Вот и Беркут. Я не без труда забираюсь на Илайю, с помощью конюха. Толстею.

Мы выезжаем из усадьбы. Поля, бесконечные поля, леса, реки – до самого горизонта. Кажется, здесь нет городов, в этой благословенной земле, нет автомобилей, тракторов, нет заводов и фабрик, нет чёртова телевидения, нет Элвиса Пресли и ему подобных.

Почему-то вспоминаются губы Мэй Уэст[2]. Когда-то я тоже хотел такой диванчик, но дизайнер мне объяснил, что он бы совсем не вписывался в общую атмосферу усадьбы.

Поля, поля. Господи, как красиво.

Трава.

* * *

Я вижу фигурку. Она довольно далеко, но я скачу быстро. Через несколько минут я понимаю, что это мужчина. Молодой мужчина. Он идёт навстречу мне по дороге. Я замедляюсь. Он не из местных: их я всех знаю. Он одет странно: в стиле сороковых годов. Мальчишка почти, и что-то неуловимо знакомое в его походке.

Он выходит на центр дороги и расставляет руки, пытаясь остановить меня, и кричит:

– Сэр! Сэр! Стойте! Прошу вас!

Я останавливаю лошадь шагов за пять до него.

– Сэр! Скажите, пожалуйста, а деревня Бленкинсшоп близко? Я туда иду?

Не люблю торопыг.

Я машу рукой за свою спину. Бленкинсшоп – это туда, дальше.

– Спасибо!

Он вприпрыжку огибает лошадь и бежит по дороге.

И тут я понимаю.

Неуловимо знакомое.

Чёрт!

Дьявол!

Это Харпер.

Харпер через двадцать лет. Вернулся.

Я разворачиваю лошадь. Во мне – ни капли удивления. Я серьёзен абсолютно. И зол.

Я догоняю его. Он недалеко убежал, и я кричу ему вслед:

– Харпер!

Он останавливается и оглядывается. Он успел сойти с дороги и уже пробирался через рожь, хотел срезать, наверное. Я спрыгиваю с коня и иду к нему. Он идёт навстречу.

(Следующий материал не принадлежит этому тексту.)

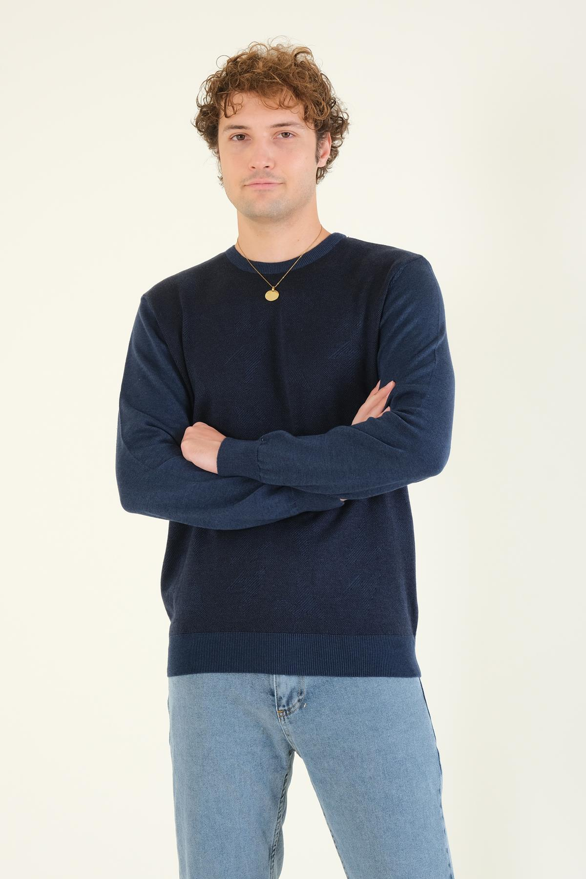Erkek Kendinden Desenli Sıfır Yaka Kazak Koyu Mavi

– Джерри? – спрашивает он.

Я с размаху бью его по лицу.

Вы думаете, двадцать лет что-то могут стереть? Вы думаете, двадцать лет – это много? Он остался таким же молодым. Он был младше меня на шесть лет. А теперь – на двадцать шесть. Потому что он ни капли не изменился. Он и в самом деле не сбежал. Чёрт побери, он всё-таки сделал эту свою машину.

Он поднимается с земли.

– За что, Джерри? Джерри, всё за тот сад? – Он наивен, глуп с этим вопросом.

Ко мне возвращается хладнокровие.

– Нет, – отвечаю я. – За мать, которая сгорела как свеча через год после твоего исчезновения. – Я надвигаюсь на него. – За отца, который четыре года умирал от рака желудка, и не ты, а я носил ему утку.

Он отступает в рожь.

– За Рэйчел, которую фашисты угнали в лагеря и сгноили там в дерьмо! – Я ору. – За шесть лет войны, которых ты не видел! За то, что ты сбежал! За то, что ты… – Самообладание покидает меня.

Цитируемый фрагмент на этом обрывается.